Fig 15. Visual comparison results between YOLOv7-LDS and classical traditional object detection algorithms, where the images processed by traditional algorithms underwent Gaussian filtering preprocessing.

(a) Actual object annotation results (b) SIFT detection results (c) HOG detection results (d) YOLOv7-LDS detection results. Reprinted from [33] under the Apache license and CC BY 4.0, with permission from Tianwen Zhang, original copyright 2021.

https://doi.org/10.1371/journal.pone.0296992.g015

Download:

Table 5. The detection results of YOLOv7-LDS and traditional algorithms.

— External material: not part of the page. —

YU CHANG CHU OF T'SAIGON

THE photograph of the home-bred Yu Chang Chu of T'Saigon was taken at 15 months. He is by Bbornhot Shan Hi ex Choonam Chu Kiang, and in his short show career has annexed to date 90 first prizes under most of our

https://doi.org/10.1371/journal.pone.0296992.t005

5 Conclusion

A lightweight and easily deployable high-precision ship detection model is crucial for maritime operations. It can play a vital role in tasks such as identifying distressed vessels, preventing pirate ships, or tracking suspicious vessels during long-term operations at sea using high-altitude drones or mobile satellite equipment. Especially in the case of high-altitude, long-duration drone operations, managing energy consumption is a key challenge. Therefore, achieving high-precision ship detection with low-power hardware platforms is of utmost importance. Additionally, Synthetic Aperture Radar (SAR) technology allows for ship detection imaging in all weather conditions. In light of these considerations, this paper proposes a lightweight and high-precision SAR ship target detection model named YOLOv7-LDS. YOLOv7-LDS is a lightweight improvement upon the powerful YOLOv7 model.

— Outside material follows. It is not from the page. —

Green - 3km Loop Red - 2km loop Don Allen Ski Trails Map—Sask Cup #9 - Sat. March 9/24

The backbone network of YOLOv7-LDS is an enhanced version of Shufflenetv2, referred to as SESNet. SESNet incorporates SE and GConv enhancements to balance detection accuracy and computational cost. Experimental results show that when SESNet is used as the backbone network for YOLOv7-LDS, it improves mAP by 0.9% compared to using the original Shufflenetv2, with only a minor increase in model parameters, GFLOPs, and IT. YOLOv7-LDS’s Neck module introduces an DCW-ELAN that utilizes DWConv, CA, and a weighted feature fusion mechanism. This preserves more fine-grained details required for detecting small targets and adjusts the influence weights of different-scale features on target detection. It achieves this while reducing computational cost and maintaining efficient feature extraction. This paper performs lightweight and enhanced improvements on YOLOv7’s SPPCSPC to create LSPDCCSPC. LSPDCCSPC replaces the original parallel pooling module with a cascade of dilated convolution layers with increasing dilation rates. This reduces the redundancy in the channel concatenation structure of SPPCSPC.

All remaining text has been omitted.